● **DATA SECTION**
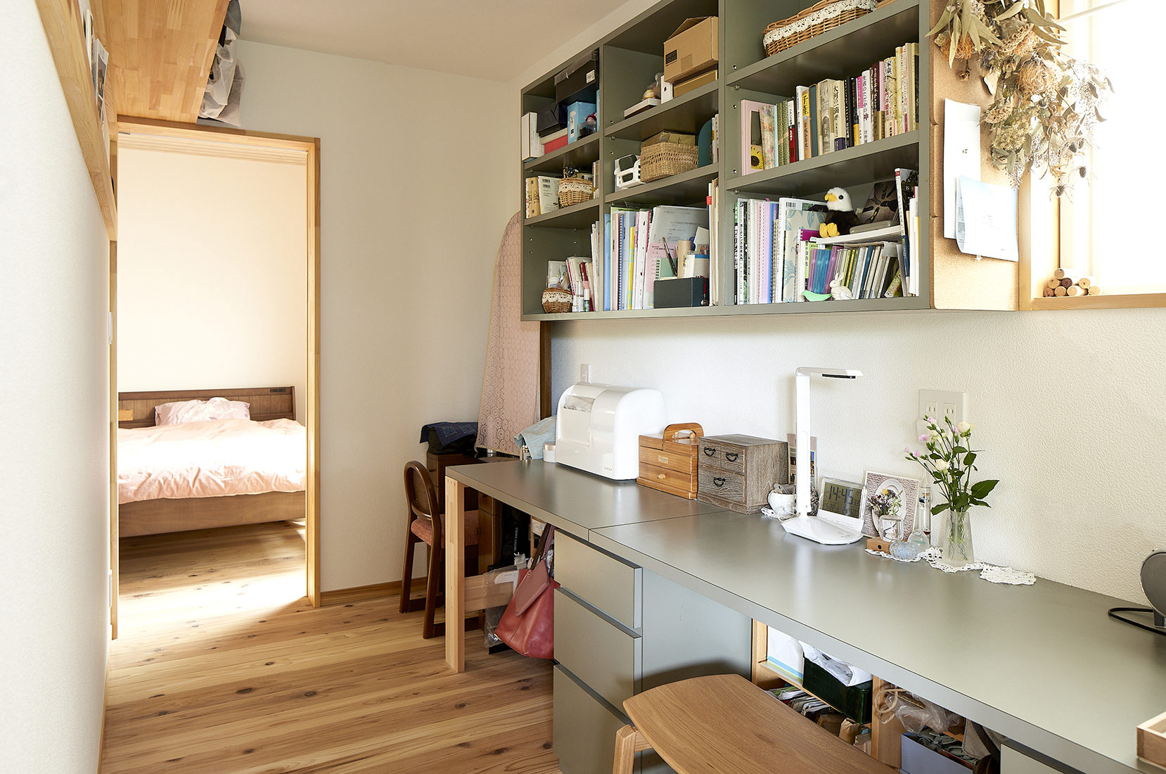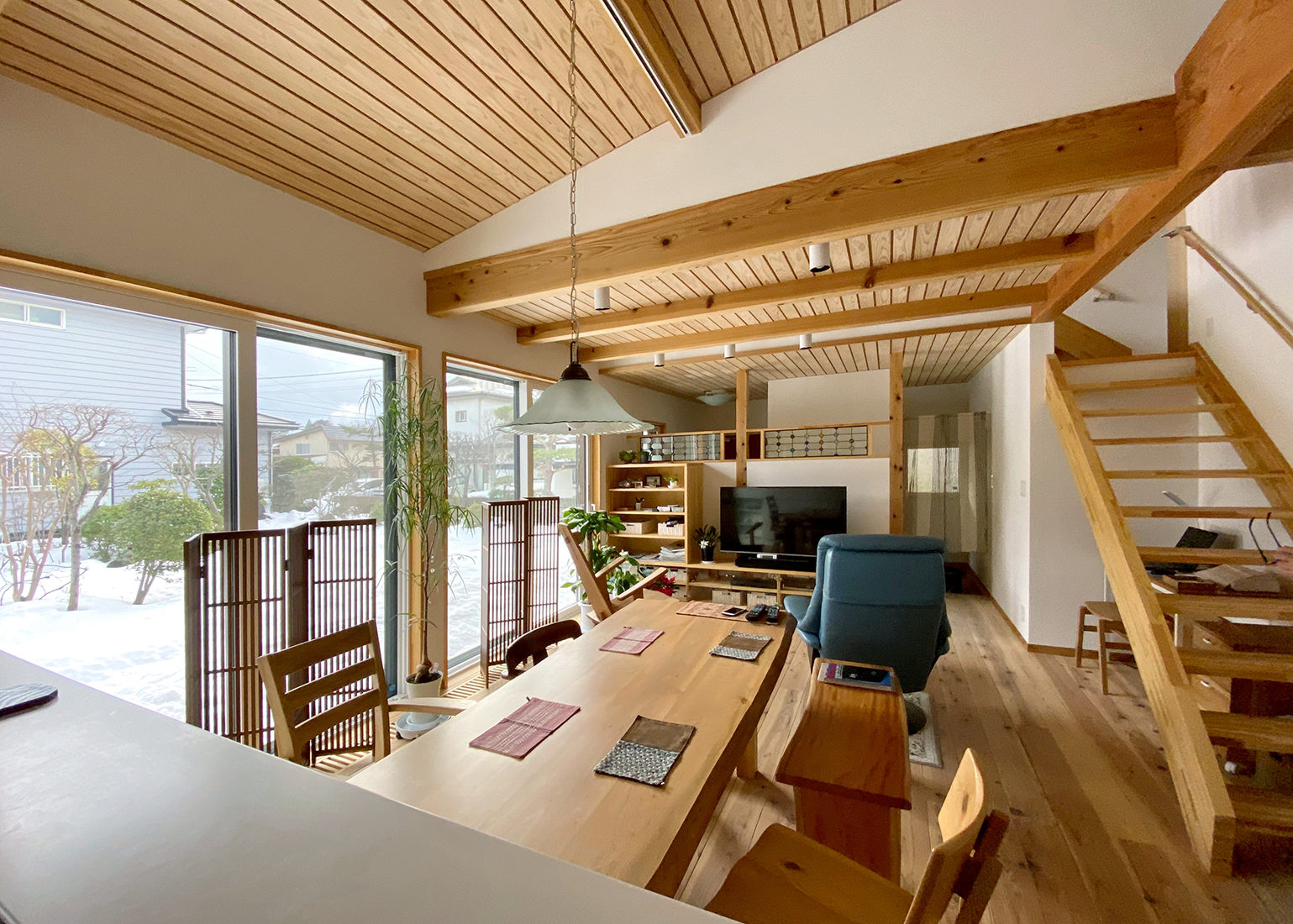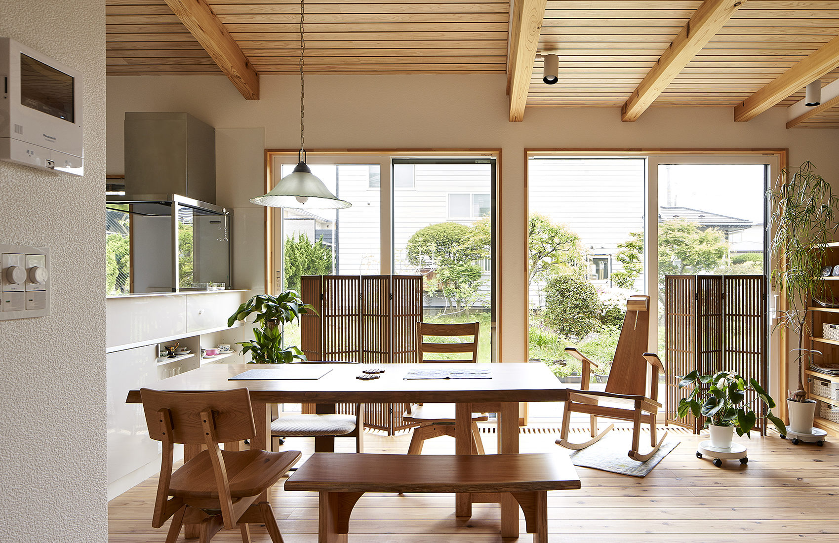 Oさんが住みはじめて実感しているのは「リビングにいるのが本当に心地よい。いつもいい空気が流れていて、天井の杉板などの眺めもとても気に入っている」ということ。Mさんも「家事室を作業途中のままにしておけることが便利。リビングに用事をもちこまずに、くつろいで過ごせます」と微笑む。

* * *

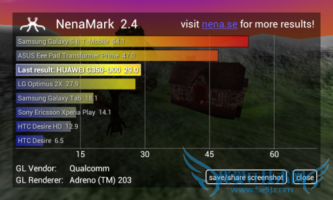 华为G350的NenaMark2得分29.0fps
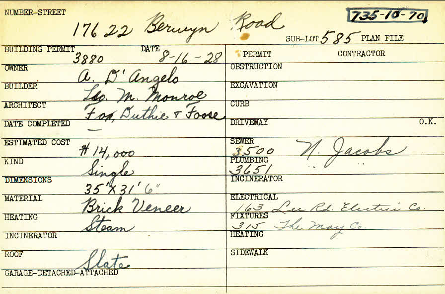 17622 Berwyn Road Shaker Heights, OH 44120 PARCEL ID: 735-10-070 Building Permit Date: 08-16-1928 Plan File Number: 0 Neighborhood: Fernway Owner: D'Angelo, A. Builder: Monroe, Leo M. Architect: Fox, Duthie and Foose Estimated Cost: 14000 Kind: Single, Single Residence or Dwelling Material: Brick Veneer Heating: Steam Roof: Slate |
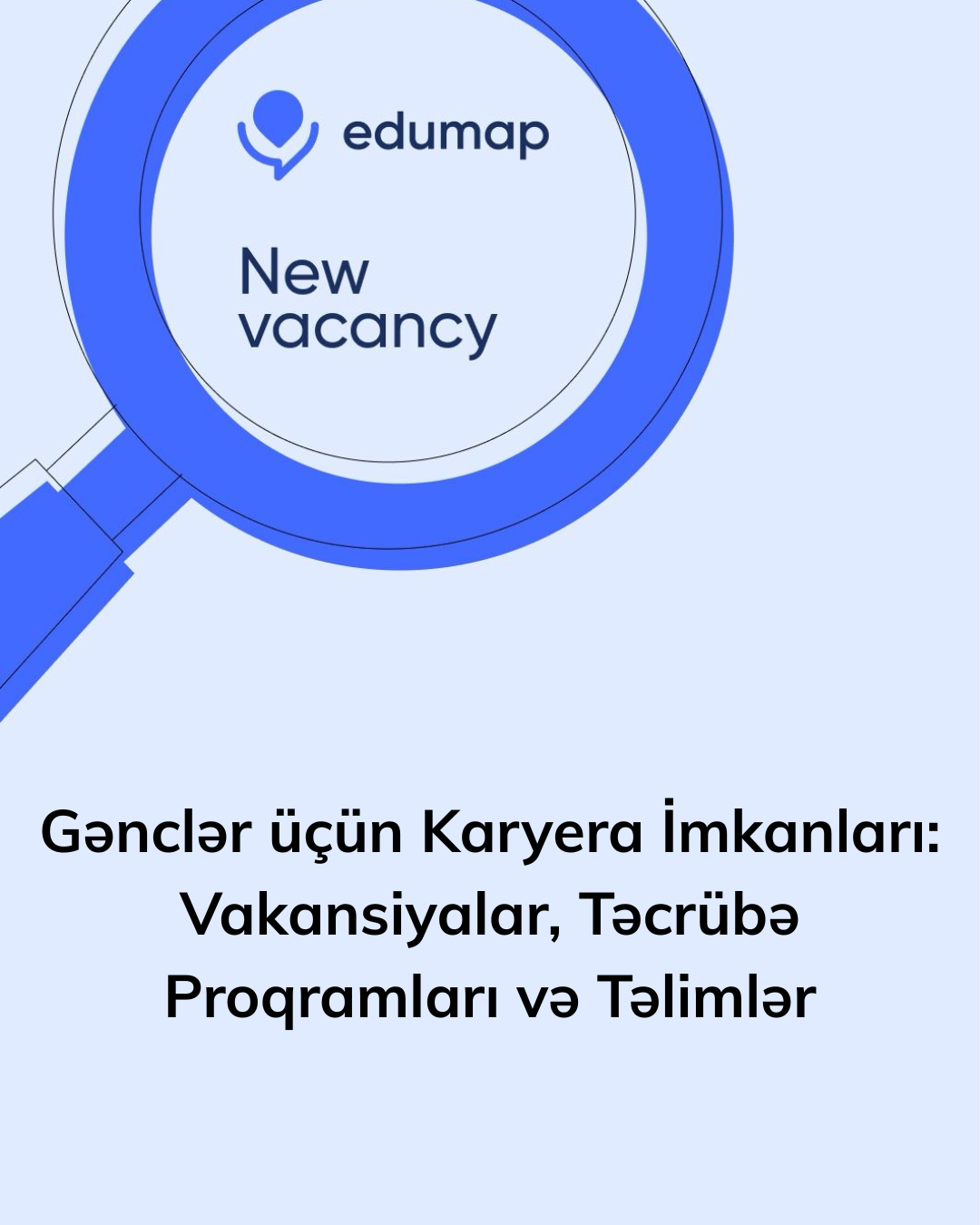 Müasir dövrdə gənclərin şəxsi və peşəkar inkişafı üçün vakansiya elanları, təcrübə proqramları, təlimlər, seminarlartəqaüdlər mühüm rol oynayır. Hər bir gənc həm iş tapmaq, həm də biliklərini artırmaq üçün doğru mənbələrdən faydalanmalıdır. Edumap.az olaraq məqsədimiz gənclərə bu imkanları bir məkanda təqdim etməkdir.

...

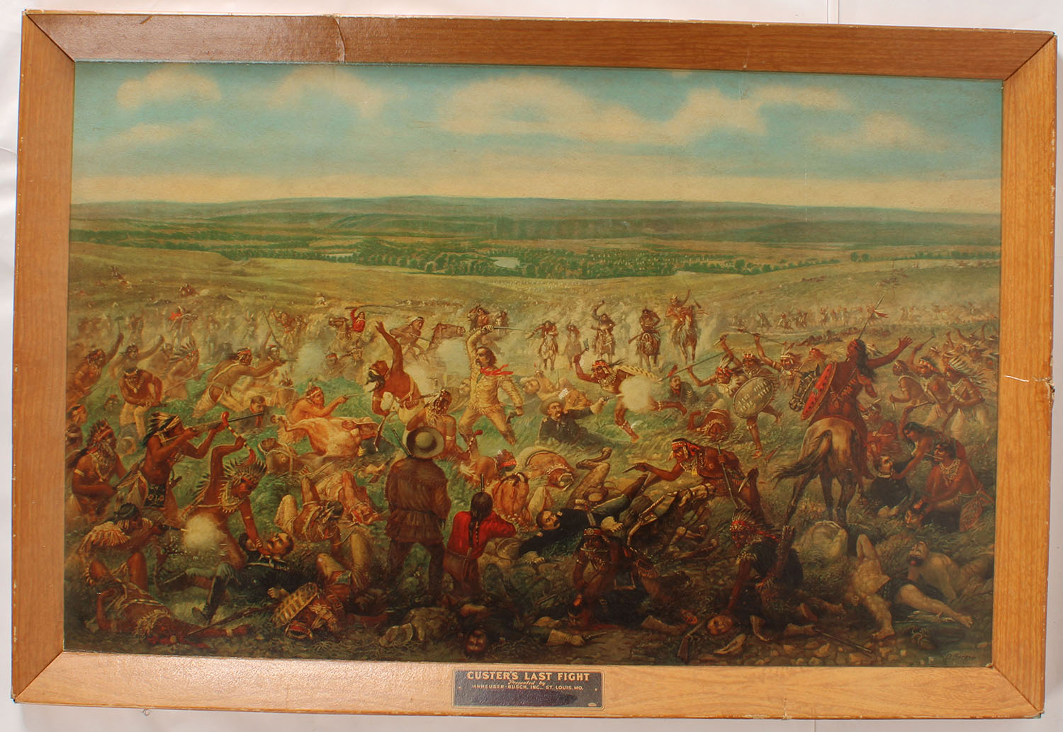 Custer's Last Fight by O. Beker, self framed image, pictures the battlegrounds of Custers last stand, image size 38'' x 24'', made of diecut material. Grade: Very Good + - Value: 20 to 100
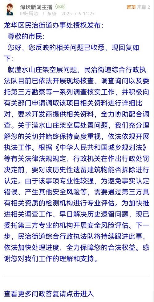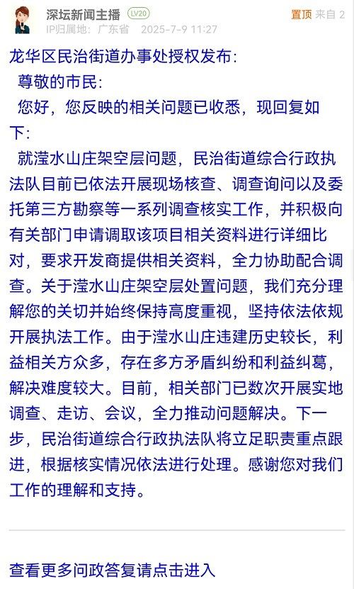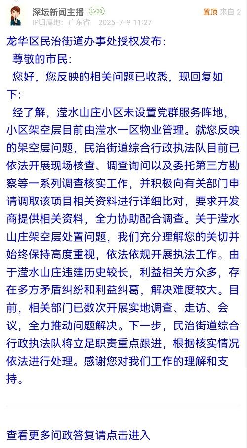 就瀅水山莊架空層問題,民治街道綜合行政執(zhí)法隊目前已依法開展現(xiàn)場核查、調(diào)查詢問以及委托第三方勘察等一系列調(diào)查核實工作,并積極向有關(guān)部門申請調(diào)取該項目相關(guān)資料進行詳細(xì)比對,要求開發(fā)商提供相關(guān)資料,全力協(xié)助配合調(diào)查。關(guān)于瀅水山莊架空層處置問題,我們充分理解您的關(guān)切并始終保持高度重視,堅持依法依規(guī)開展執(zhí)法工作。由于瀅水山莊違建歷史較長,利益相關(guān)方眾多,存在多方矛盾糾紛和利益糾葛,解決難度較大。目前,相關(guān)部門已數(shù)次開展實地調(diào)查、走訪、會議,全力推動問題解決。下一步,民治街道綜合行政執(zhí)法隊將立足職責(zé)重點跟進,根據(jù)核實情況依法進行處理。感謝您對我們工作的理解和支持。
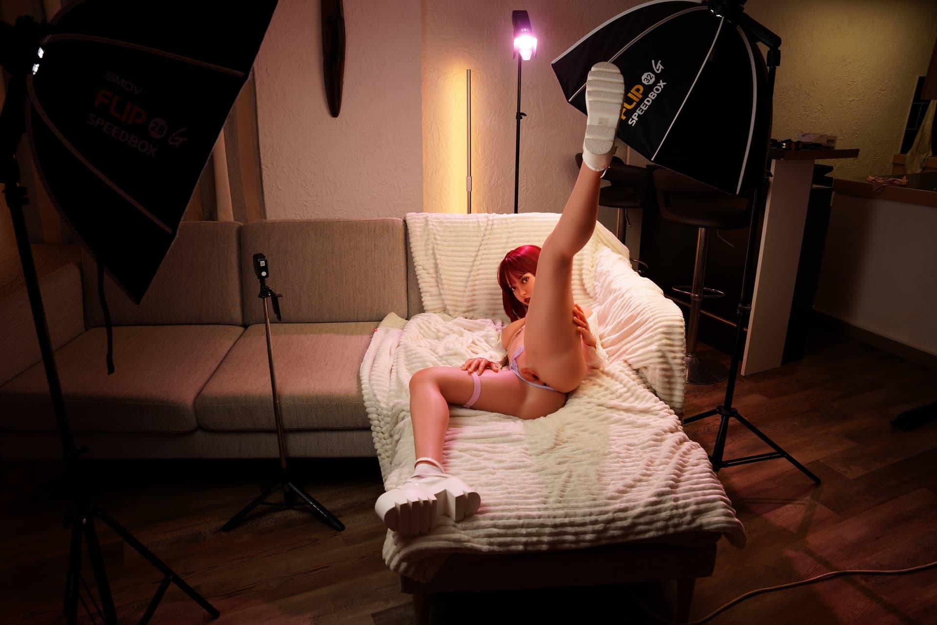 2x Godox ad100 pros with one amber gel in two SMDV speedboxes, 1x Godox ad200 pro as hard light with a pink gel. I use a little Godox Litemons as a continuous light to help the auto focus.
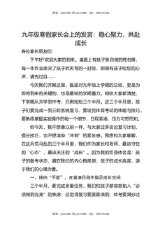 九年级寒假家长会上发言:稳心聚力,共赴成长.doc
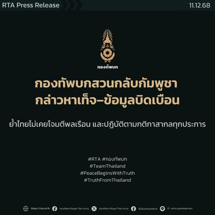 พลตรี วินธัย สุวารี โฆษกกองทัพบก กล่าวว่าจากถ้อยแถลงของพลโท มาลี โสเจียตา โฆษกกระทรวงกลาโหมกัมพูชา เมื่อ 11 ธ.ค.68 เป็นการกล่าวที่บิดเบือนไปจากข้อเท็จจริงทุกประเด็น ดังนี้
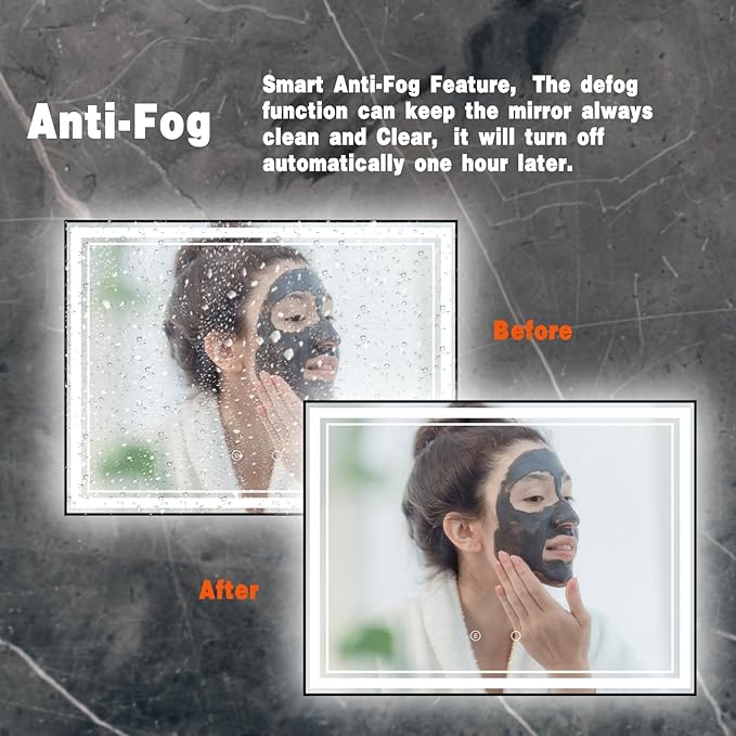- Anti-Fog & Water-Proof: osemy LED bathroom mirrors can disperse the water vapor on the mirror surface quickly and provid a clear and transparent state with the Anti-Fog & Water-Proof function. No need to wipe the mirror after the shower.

● **TASK DIRECTIONS**
From the records above, copy only the lines running from the line containing "就瀅水山莊架空層問題,民治街" to the line containing "- Anti-Fog &", both ends included. Leave the pictures out.

● **ANSWER TO THE PROBLEM**
 就瀅水山莊架空層問題,民治街道綜合行政執(zhí)法隊目前已依法開展現(xiàn)場核查、調(diào)查詢問以及委托第三方勘察等一系列調(diào)查核實工作,并積極向有關(guān)部門申請調(diào)取該項目相關(guān)資料進行詳細(xì)比對,要求開發(fā)商提供相關(guān)資料,全力協(xié)助配合調(diào)查。關(guān)于瀅水山莊架空層處置問題,我們充分理解您的關(guān)切并始終保持高度重視,堅持依法依規(guī)開展執(zhí)法工作。由于瀅水山莊違建歷史較長,利益相關(guān)方眾多,存在多方矛盾糾紛和利益糾葛,解決難度較大。目前,相關(guān)部門已數(shù)次開展實地調(diào)查、走訪、會議,全力推動問題解決。下一步,民治街道綜合行政執(zhí)法隊將立足職責(zé)重點跟進,根據(jù)核實情況依法進行處理。感謝您對我們工作的理解和支持。
 2x Godox ad100 pros with one amber gel in two SMDV speedboxes, 1x Godox ad200 pro as hard light with a pink gel. I use a little Godox Litemons as a continuous light to help the auto focus.
 九年级寒假家长会上发言:稳心聚力,共赴成长.doc
 พลตรี วินธัย สุวารี โฆษกกองทัพบก กล่าวว่าจากถ้อยแถลงของพลโท มาลี โสเจียตา โฆษกกระทรวงกลาโหมกัมพูชา เมื่อ 11 ธ.ค.68 เป็นการกล่าวที่บิดเบือนไปจากข้อเท็จจริงทุกประเด็น ดังนี้
- Anti-Fog & Water-Proof: osemy LED bathroom mirrors can disperse the water vapor on the mirror surface quickly and provid a clear and transparent state with the Anti-Fog & Water-Proof function. No need to wipe the mirror after the shower.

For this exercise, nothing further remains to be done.